You'll wire everything up, run the dev server, type "my favorite color is octarine," and get a fluent, friendly response that does not mention storing anything. Open a new tab, ask what your favorite color is, and the agent will say it doesn't know. You'll assume Engram is broken.

It isn't. You forgot the system prompt, or the system prompt isn't being passed to streamText, or there's a typo and only half of it is loading. The model has the tools attached, sees they exist, and decides it doesn't need them because nothing in the conversation told it to. From outside it looks identical to a memory backend failure: no stored facts, no recall, agent acting amnesiac.
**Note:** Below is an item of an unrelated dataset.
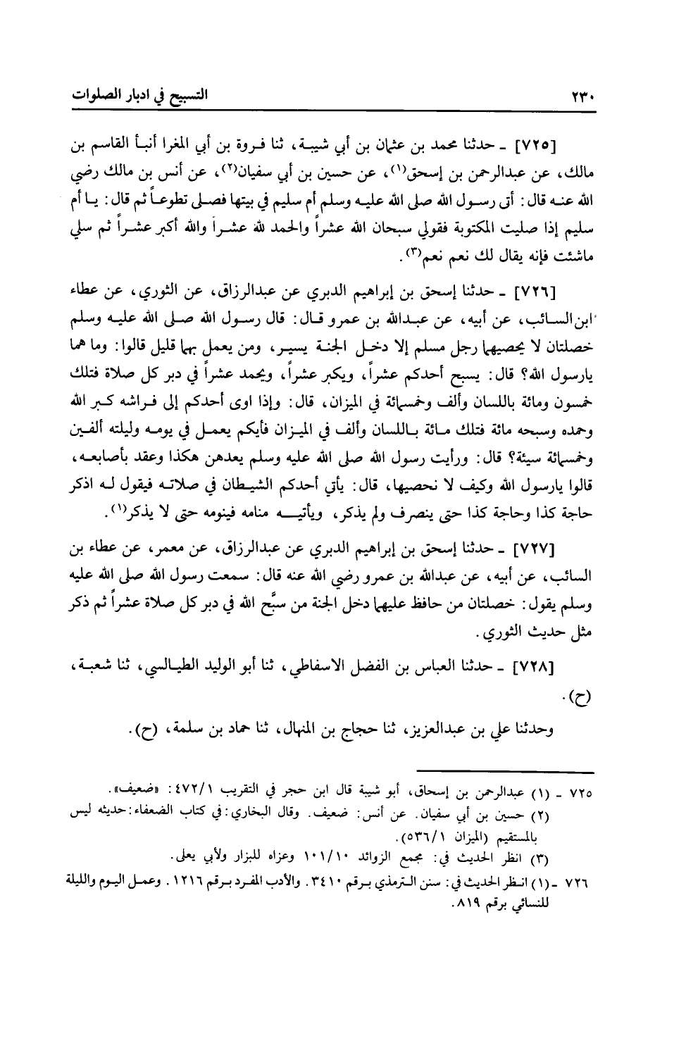 727 - حَدَّثَنَا إِسْحَاقُ بْنُ إِبْرَاهِيمَ الدَّبَرِيُّ، عَنْ عَبْدِ الرَّزَّاقِ، عَنِ الثَّوْرِيِّ، عَنْ عَطَاءِ بْنِ السَّائِبِ، عَنْ أَبِيهِ، عَنْ عَبْدِ اللَّهِ بْنِ عَمْرٍو، قَالَ: قَالَ رَسُولُ اللَّهِ صَلَّى اللهُ عَلَيْهِ وَسَلَّمَ: «§خَصْلَتَانِ لَا يُحْصِيهِمَا رَجُلٌ مُسْلِمٌ إِلَّا دَخَلَ الْجَنَّةَ وَهُمَا يَسِيرٌ، وَمَنْ يَعْمَلُ بِهِمَا قَلِيلٌ» قَالُوا: وَمَا هُمَا يَا رَسُولَ اللَّهِ؟ قَالَ: «يُسَبِّحُ أَحَدُكُمْ عَشْرًا، وَيُكَبِّرُ عَشْرًا، وَيَحْمَدُ عَشْرًا فِي دُبُرِ كُلِّ صَلَاةٍ، فَتِلْكَ خَمْسُونَ وَمِائَةٌ بِاللِّسَانِ وَأَلْفٌ وَخَمْسُمِائَةٍ فِي الْمِيزَانِ» قَالَ: «وَإِذَا أَوَى أَحَدُكُمْ إِلَى فِرَاشِهِ كَبَّرَ اللَّهَ وَحَمِدَهُ وَسَبَّحَهُ مِائَةً فَتِلْكَ مِائَةٌ بِاللِّسَانِ وَأَلْفٌ فِي الْمِيزَانِ، فَأَيُّكُمْ يَعْمَلُ فِي يَوْمِهِ وَلَيْلَتِهِ أَلْفَيْنِ وَخَمْسُمِائَةِ سَيِّئَةٍ» قَالَ وَرَأَيْتُ رَسُولَ اللَّهِ صَلَّى اللهُ عَلَيْهِ وَسَلَّمَ يَعُدُّهُنَّ هَكَذَا وَعَقَدَ بِأُصَابِعِهِ، قَالُوا: يَا رَسُولَ اللَّهِ وَكَيْفَ لَا نُحْصِيهَا؟ قَالَ: " يَأْتِي أَحَدُكُمُ الشَّيْطَانُ فِي صَلَاتِهِ فَيَقُولُ لَهُ: اذْكُرْ حَاجَةَ كَذَا وَحَاجَةَ كَذَا، حَتَّى يَنْصَرِفَ وَلَمْ يَذْكُرْ، وَيَأْتِيهِ عِنْدَ مَنَامَهُ فَيُنَوِّمُهُ حَتَّى لَا يَذْكُرَ " حَدَّثَنَا إِسْحَاقُ بْنُ إِبْرَاهِيمَ الدَّبَرِيُّ، عَنْ عَبْدِ الرَّزَّاقِ، عَنْ مَعْمَرٍ، عَنْ عَطَاءِ بْنِ السَّائِبِ، عَنْ أَبِيهِ، عَنْ عَبْدِ اللَّهِ بْنِ عَمْرٍو، رَضِيَ اللَّهُ عَنْهُ قَالَ: سَمِعْتُ رَسُولَ اللَّهِ صَلَّى اللهُ عَلَيْهِ وَسَلَّمَ يَقُولُ: " خَصْلَتَانِ مَنْ حَافَظَ عَلَيْهِمَا دَخَلَ الْجَنَّةَ: مَنْ سَبَّحَ اللَّهَ فِي دُبُرِ كُلِّ صَلَاةٍ عَشْرًا " ثُمَّ ذَكَرَ مِثْلَ حَدِيثِ الثَّوْرِيِّ حَدَّثَنَا الْعَبَّاسُ بْنُ الْفَضْلِ الْأَسْفَاطِيُّ، ثنا أَبُو الْوَلِيدِ الطَّيَالِسِيُّ، ثنا شُعْبَةُ، ح وَحَدَّثَنَا عَلِيُّ بْنُ عَبْدِ الْعَزِيزِ، ثنا حَجَّاجُ بْنُ الْمِنْهَالِ، ثنا حَمَّادُ بْنُ سَلَمَةَ، ح وَحَدَّثَنَا عَلِيُّ بْنُ عَبْدِ الْعَزِيزِ، ثنا عَارِمٌ أَبُو النُّعْمَانِ، ثنا حَمَّادُ بْنُ زَيْدٍ، ح وَحَدَّثَنَا الْمِقْدَامُ بْنُ دَاوُدَ، ثنا عَبْدُ اللَّهِ بْنُ مُحَمَّدِ بْنِ الْمُغِيرَةِ، ثنا مِسْعَرُ بْنُ كِدَامٍ، ح وَحَدَّثَنَا أَبُو يَزِيدَ الْقَرَاطِيسِيُّ، ثنا يَعْقُوبُ بْنُ أَبِي عَبَّادٍ الْمَكِّيُّ، ثنا إِبْرَاهِيمُ بْنُ طَهْمَانَ، ح وَحَدَّثَنَا مُحَمَّدُ بْنُ النَّضْرِ الْأَزْدِيُّ، ثنا مُعَاوِيَةُ بْنُ عَمْرٍو، ثنا زَائِدَةُ، ح وَحَدَّثَنَا عَمْرُو بْنُ أَبِي الطَّاهِرِ بْنُ السَّرْحِ الْمِصْرِيُّ، ثنا يُوسُفُ بْنُ عَدِيٍّ، ثنا أَبُو الْأَحْوَصِ، ح وَحَدَّثَنَا عُمَرُ بْنُ حَفْصٍ السَّدُوسِيُّ، ثنا عَاصِمُ بْنُ عَلِيٍّ السَّدُوسِيُّ، ح وَحَدَّثَنَا الْحُسَيْنُ بْنُ إِسْحَاقَ التُّسْتَرِيُّ، ثنا يَحْيَى الْحِمَّانِيُّ، ثنا أَبُو بَكْرٍ النَّهْشَلِيُّ، وَأَبُو إِسْحَاقَ الْحُمَيْسِيُّ ح وَحَدَّثَنَا مُحَمَّدُ بْنُ عَلِيِّ بْنِ الْأَحْمَرِ النَّاقِدُ، ثنا مُحَمَّدُ بْنُ فِرَاسٍ أَبُو هُرَيْرَةَ الصَّيْرَفِيُّ، ثنا أَبُو دَاوُدَ، عَنْ وَرْقَاءَ بْنِ عُمَرَ الْيَشْكُرِيِّ، ح وَحَدَّثَنَا الْمِقْدَامُ بْنُ دَاوُدَ، ثنا أَسَدُ بْنُ مُوسَى، ثنا أَبُو خَالِدٍ الْأَحْمَرُ، عَنْ إِسْمَاعِيلَ بْنِ أَبِي خَالِدٍ، ح وَحَدَّثَنَا الْوَلِيدُ بْنُ الْعَبَّاسِ الْمِصْرِيُّ، ثنا حَامِدُ بْنُ يَحْيَى الْبَلْخِيُّ، ثنا سُفْيَانُ بْنُ عُيَيْنَةَ، كُلُّهُمْ عَنْ عَطَاءِ بْنِ السَّائِبِ، عَنْ أَبِيهِ، عَنْ عَبْدِ اللَّهِ بْنِ عَمْرٍو، رَضِيَ

The tell is in the response stream itself. If the model never emits a tool-call event, the problem is upstream of Engram. Log the assembled request right before streamText runs and confirm system is the full prompt string, not undefined or an empty default. Once the system prompt is actually attached, the loop closes on the first turn and the integration starts behaving like a memory-aware agent.

After it's running

Once the loop closes and the tool-call events are firing, open the Engram dashboard and let your agent run a few real conversations while you watch what it actually stores. That's where the rest of the work lives — tightening your system prompt against the noisy or near-duplicate memories you'll see in the first day or two, and at some point deciding whether to layer the profile endpoint (GET /v1/buckets/{id}/profile) on top for users who stick around long enough to accumulate one. The plumbing is done by now. Everything past it is product-specific.